Initially, Thai Union seemed to have their heads on straight. They brought in a new CEO, Kelli Vlade, who was the successful former President of Chili’s. The brand revitalization was underway and there was nowhere to go but up. Or so it seemed.

Eight months later, Vlade was out in dramatic fashion and the CEO merry-go-round was to continue with 3 more CEO’s after her. The company lost a horrifying amount of money in 2022 and things were looking very dark. Drastic action was needed. But what?

Thai Union installed an individual by the name of Paul Kenney as CEO. An Australian who had been quite successful with restaurants in Southeast Asia as the head of Minor Food, Kenney was one of the aforementioned “experienced operators” who partnered with Thai Union.
"Endless Shrimp" and Untold Trouble
The next big mistake first requires some backtracking...

In 2003, Red Lobster ran a nationwide promotion called “All you Can Eat Crab.” It had disastrous outcomes for the company.

First, it occurred while crab prices were rising.

Second, when you can just keep getting more, the customer does not mess around. Skinny crab legs are cracked open with enthusiasm, speed and glee. The promotion essentially becomes “All You Can Order."

Third, such promotions create “sitters.” These customers stay at the table, cutting down on turnover and therefore profitability. Needless to say, RL never ran that promotion again.

Despite the poor outcomes of "All You Can Eat Crab," Kenney decided to resurrect the promotion, swapping out crab with shrimp.

The “Endless Shrimp” promotion, besides creating sitters who eat enormous amounts of product, was heavily promoted in-house. A big industry no-no.

Why tell customers about a not profitable promotion that they didn't come in for?

An even bigger head scratcher, he subsequently added "Endless Shrimp" to the menu as a permanent item. It was a loss-leader- not a menu item.

I don’t like these kinds of promotions anyway but, as the saying goes, “Desperate times call for desperate measures.”

Where Kenney and Thai Union have subsequently run into real trouble is that the almost exclusive supplier of shrimp was - you guessed, it - Thai Union.

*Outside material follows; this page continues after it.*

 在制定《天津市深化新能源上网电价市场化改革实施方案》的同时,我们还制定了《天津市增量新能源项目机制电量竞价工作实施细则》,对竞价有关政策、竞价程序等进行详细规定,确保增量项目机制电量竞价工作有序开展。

The CEO who replaced Kenney (the fifth in four years) has questioned this, thinking it - excuse the pun - fishy. He is looking into why and how it happened.

Maybe Thai Union provided that shrimp at a really good price, but at the same time was it was a ploy to juice Thai Union’s sales of shrimp?

Maybe it was a disguised way of pulling more money out of an investment that by then they knew was doomed?

We may never know the answers to these and other questions.
With the demise of Red Lobster as we know it, there is more than enough blame to go around.

  • It should never have been public. That is a full service restaurant graveyard.

  • It was sold by Darden at too cheap a price.

  • The real estate sale and lease back plan removed its financial buffer.

  • Thin margins and a stagnant concept were not adequately addressed in time.

  • Private equity did what private equity does. Don’t cry about it, just know it.
What Could Have Staved off Bankruptcy
RL should have sold off every non-performing restaurant years ago and rationalized the business down to a size that made sense. Using that money, they should have retired debt.

The sale/leaseback could have happened at that point in selected units (maybe 200) with more affordable rents and smaller escalators. Using that money, they could have dividended shareholders to keep them happy and banked the rest.

They then could have embarked on a dramatic and fundamental concept makeover- perhaps three different tests of 2-3 units each (it’s why you are a chain, you can do that). Pick the winner and roll it out regionally and then nationally.

Coulda, woulda, shoulda. Armchair quarterback is an easy position to play. But it’s what we did when I took a company through Chapter 11.

When you get to the point where RL was nine or ten years ago, it’s time for big name trades, new management and innovative plays. But instead, the strategy was unfocused; everybody seemed to piecemeal pick their preferred short-term solution and kick the can down the road.... to bankruptcy of a major brand, household name and beloved restaurant by millions.